• [YOUR TASK]:
Return nothing but the lines from the one with "Atelier Verf Flessen" through the one with "Elevate your style" in the data below, word for word and without pictures.

• [DATA SHOWN]:
····················

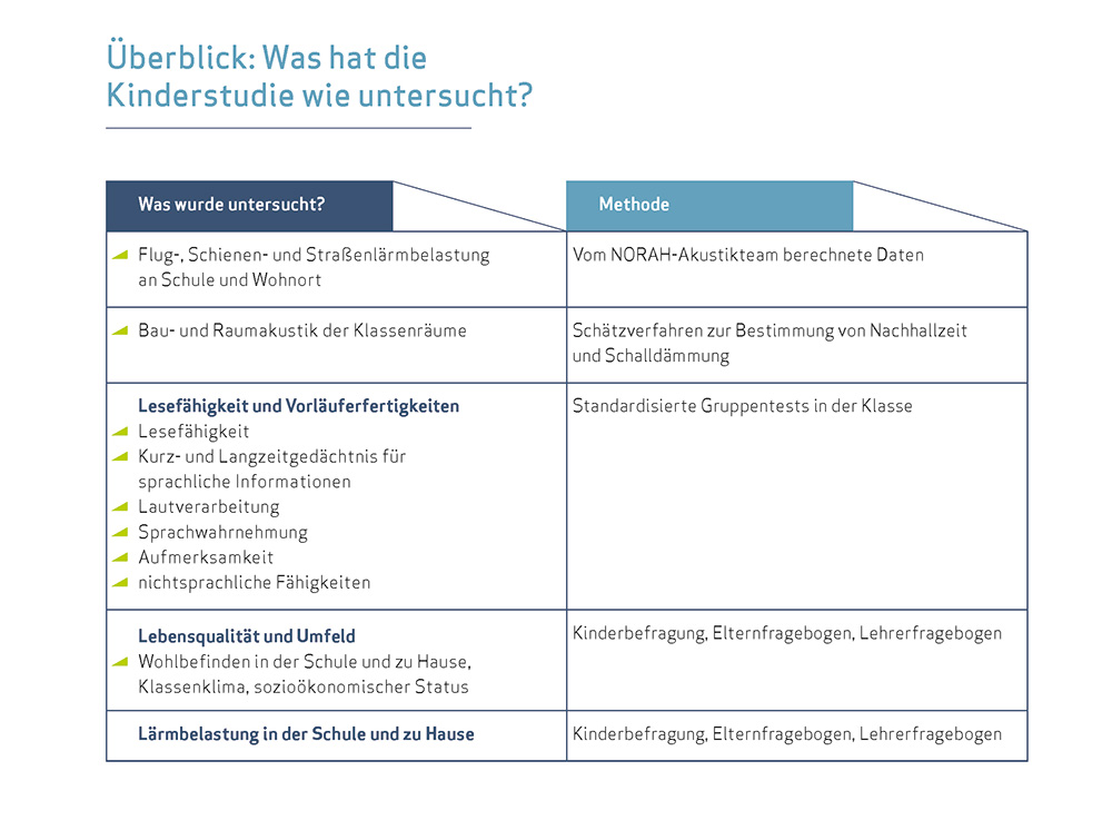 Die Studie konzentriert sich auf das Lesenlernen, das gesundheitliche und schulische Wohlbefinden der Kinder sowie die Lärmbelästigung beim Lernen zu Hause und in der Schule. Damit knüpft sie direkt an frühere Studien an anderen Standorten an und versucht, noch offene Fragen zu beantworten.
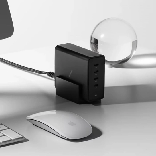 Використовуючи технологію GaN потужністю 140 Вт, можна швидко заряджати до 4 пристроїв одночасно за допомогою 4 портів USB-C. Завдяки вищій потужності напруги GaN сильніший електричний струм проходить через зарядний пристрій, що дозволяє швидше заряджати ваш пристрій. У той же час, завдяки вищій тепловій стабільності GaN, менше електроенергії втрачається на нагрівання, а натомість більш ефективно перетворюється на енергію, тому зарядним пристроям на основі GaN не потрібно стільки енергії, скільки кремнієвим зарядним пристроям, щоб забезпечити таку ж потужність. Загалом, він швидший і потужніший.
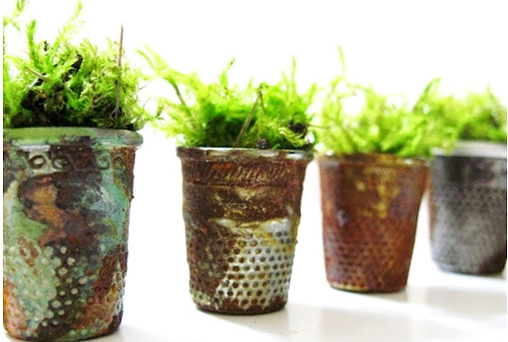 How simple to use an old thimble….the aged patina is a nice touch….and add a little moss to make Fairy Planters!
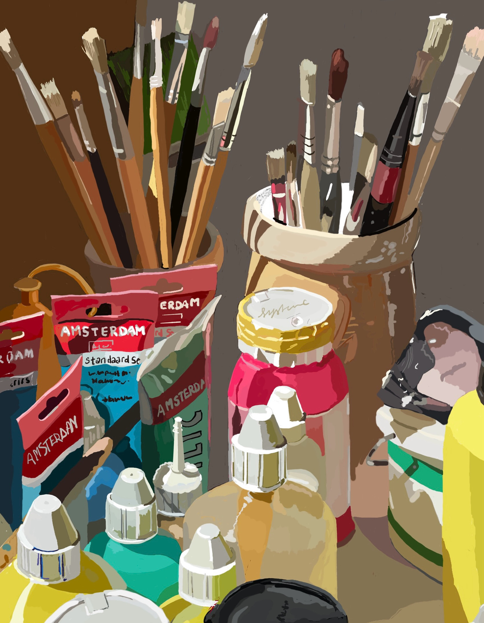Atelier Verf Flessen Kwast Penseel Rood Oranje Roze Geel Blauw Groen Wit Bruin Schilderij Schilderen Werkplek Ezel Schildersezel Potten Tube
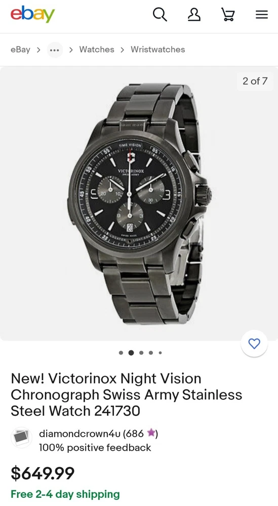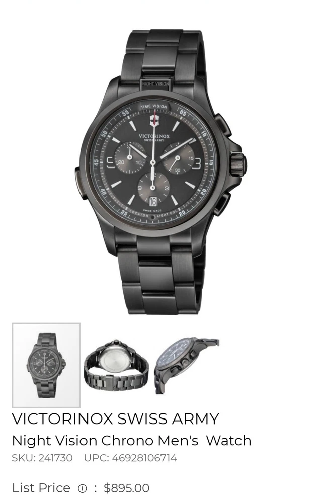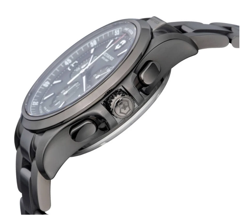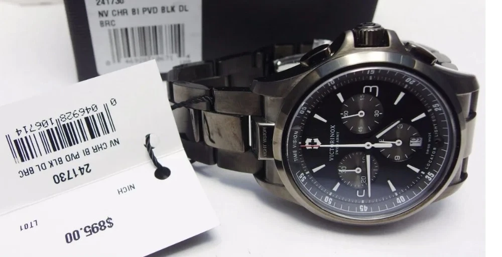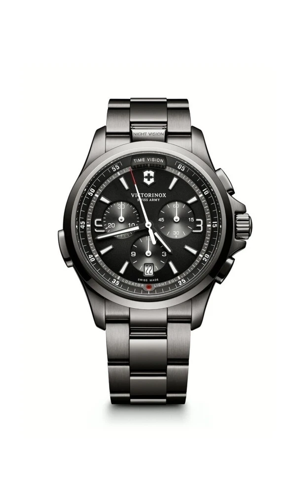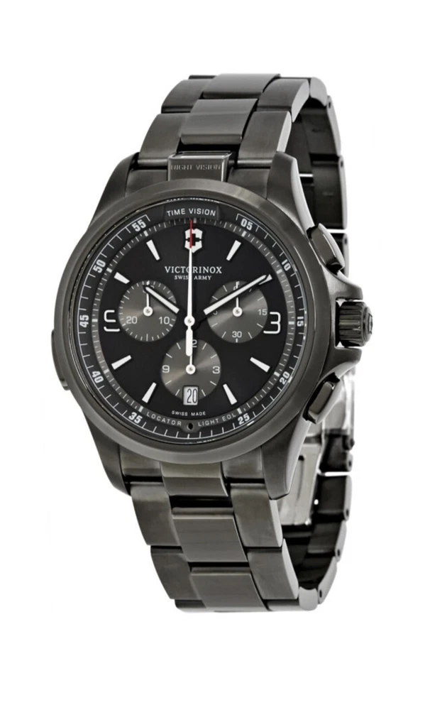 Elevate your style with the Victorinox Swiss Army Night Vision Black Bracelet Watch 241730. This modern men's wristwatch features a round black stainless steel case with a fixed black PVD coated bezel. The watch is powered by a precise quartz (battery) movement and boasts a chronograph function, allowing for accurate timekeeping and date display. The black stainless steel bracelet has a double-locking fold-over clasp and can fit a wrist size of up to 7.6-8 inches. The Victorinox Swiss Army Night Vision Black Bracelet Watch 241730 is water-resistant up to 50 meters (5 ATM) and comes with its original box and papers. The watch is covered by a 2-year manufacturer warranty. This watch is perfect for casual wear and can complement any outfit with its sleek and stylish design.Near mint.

····················

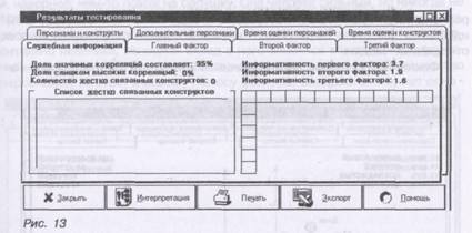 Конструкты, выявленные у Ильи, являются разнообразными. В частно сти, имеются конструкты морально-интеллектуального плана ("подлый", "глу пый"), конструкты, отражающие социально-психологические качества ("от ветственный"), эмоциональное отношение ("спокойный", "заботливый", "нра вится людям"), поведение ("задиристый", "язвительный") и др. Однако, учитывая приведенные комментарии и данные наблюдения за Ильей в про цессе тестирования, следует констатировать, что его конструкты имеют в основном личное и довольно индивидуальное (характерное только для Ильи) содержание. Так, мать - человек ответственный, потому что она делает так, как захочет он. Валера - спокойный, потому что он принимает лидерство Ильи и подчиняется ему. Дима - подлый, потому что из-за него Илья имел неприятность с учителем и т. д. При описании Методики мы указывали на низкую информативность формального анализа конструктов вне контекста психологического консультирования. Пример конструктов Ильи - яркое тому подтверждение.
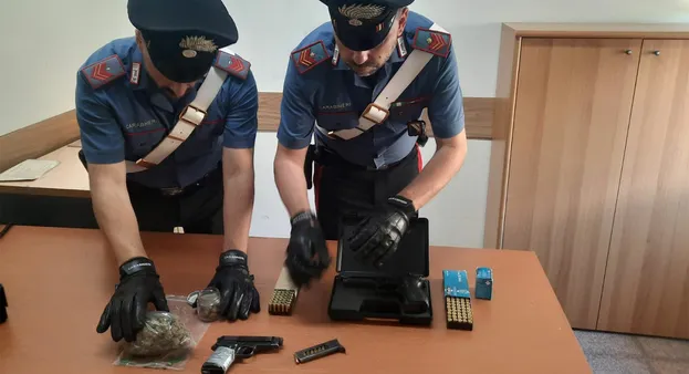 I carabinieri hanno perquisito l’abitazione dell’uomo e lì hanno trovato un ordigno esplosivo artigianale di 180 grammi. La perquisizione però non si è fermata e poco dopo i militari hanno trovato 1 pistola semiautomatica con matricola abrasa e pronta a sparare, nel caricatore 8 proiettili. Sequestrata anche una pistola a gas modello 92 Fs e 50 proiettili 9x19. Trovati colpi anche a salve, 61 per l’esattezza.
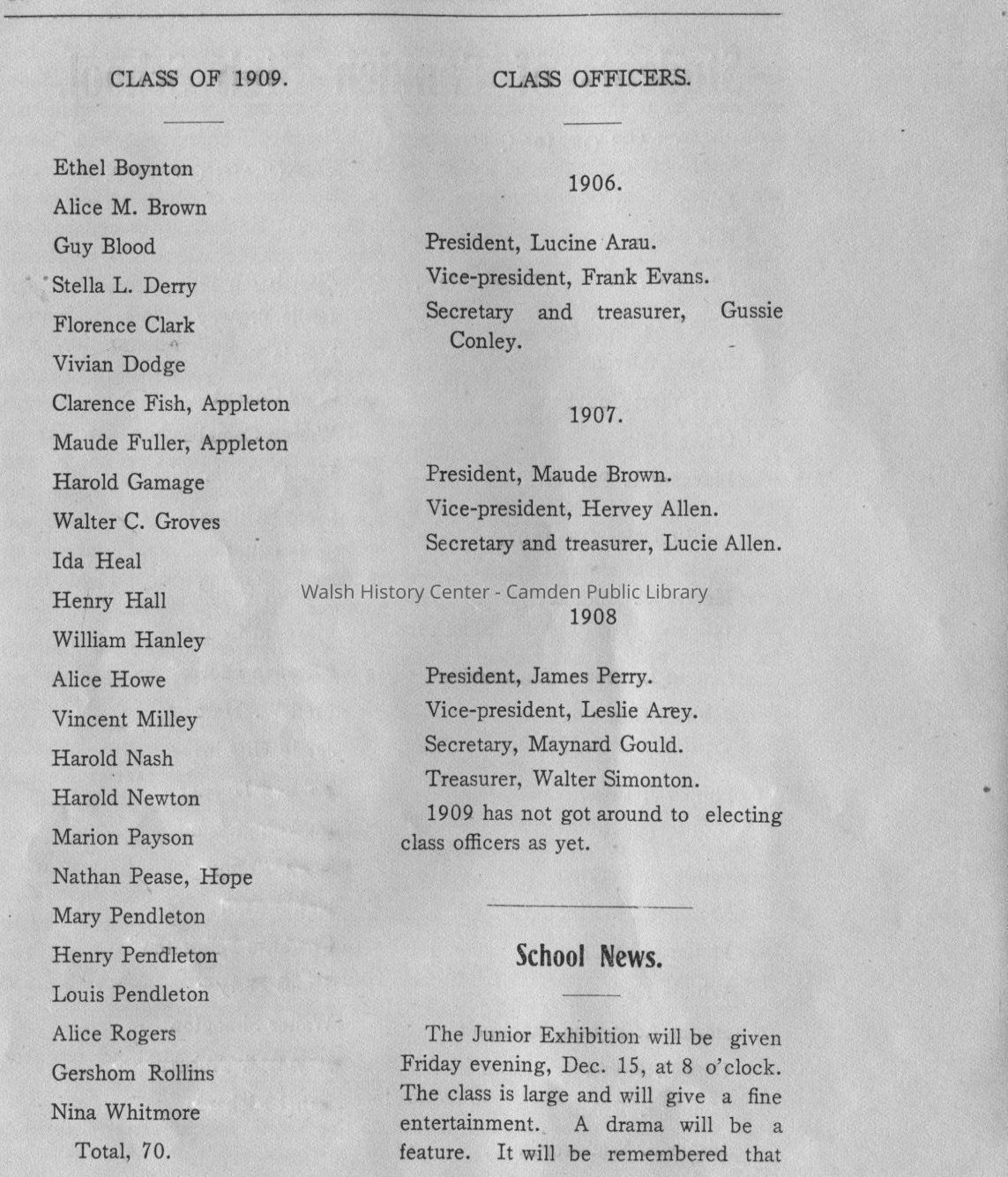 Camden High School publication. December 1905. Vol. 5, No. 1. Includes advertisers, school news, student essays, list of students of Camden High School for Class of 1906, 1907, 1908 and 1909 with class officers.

····················

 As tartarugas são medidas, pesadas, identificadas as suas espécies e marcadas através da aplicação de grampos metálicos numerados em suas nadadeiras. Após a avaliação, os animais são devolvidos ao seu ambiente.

····················

• [REPLY]:
Atelier Verf Flessen Kwast Penseel Rood Oranje Roze Geel Blauw Groen Wit Bruin Schilderij Schilderen Werkplek Ezel Schildersezel Potten Tube
 Elevate your style with the Victorinox Swiss Army Night Vision Black Bracelet Watch 241730. This modern men's wristwatch features a round black stainless steel case with a fixed black PVD coated bezel. The watch is powered by a precise quartz (battery) movement and boasts a chronograph function, allowing for accurate timekeeping and date display. The black stainless steel bracelet has a double-locking fold-over clasp and can fit a wrist size of up to 7.6-8 inches. The Victorinox Swiss Army Night Vision Black Bracelet Watch 241730 is water-resistant up to 50 meters (5 ATM) and comes with its original box and papers. The watch is covered by a 2-year manufacturer warranty. This watch is perfect for casual wear and can complement any outfit with its sleek and stylish design.Near mint.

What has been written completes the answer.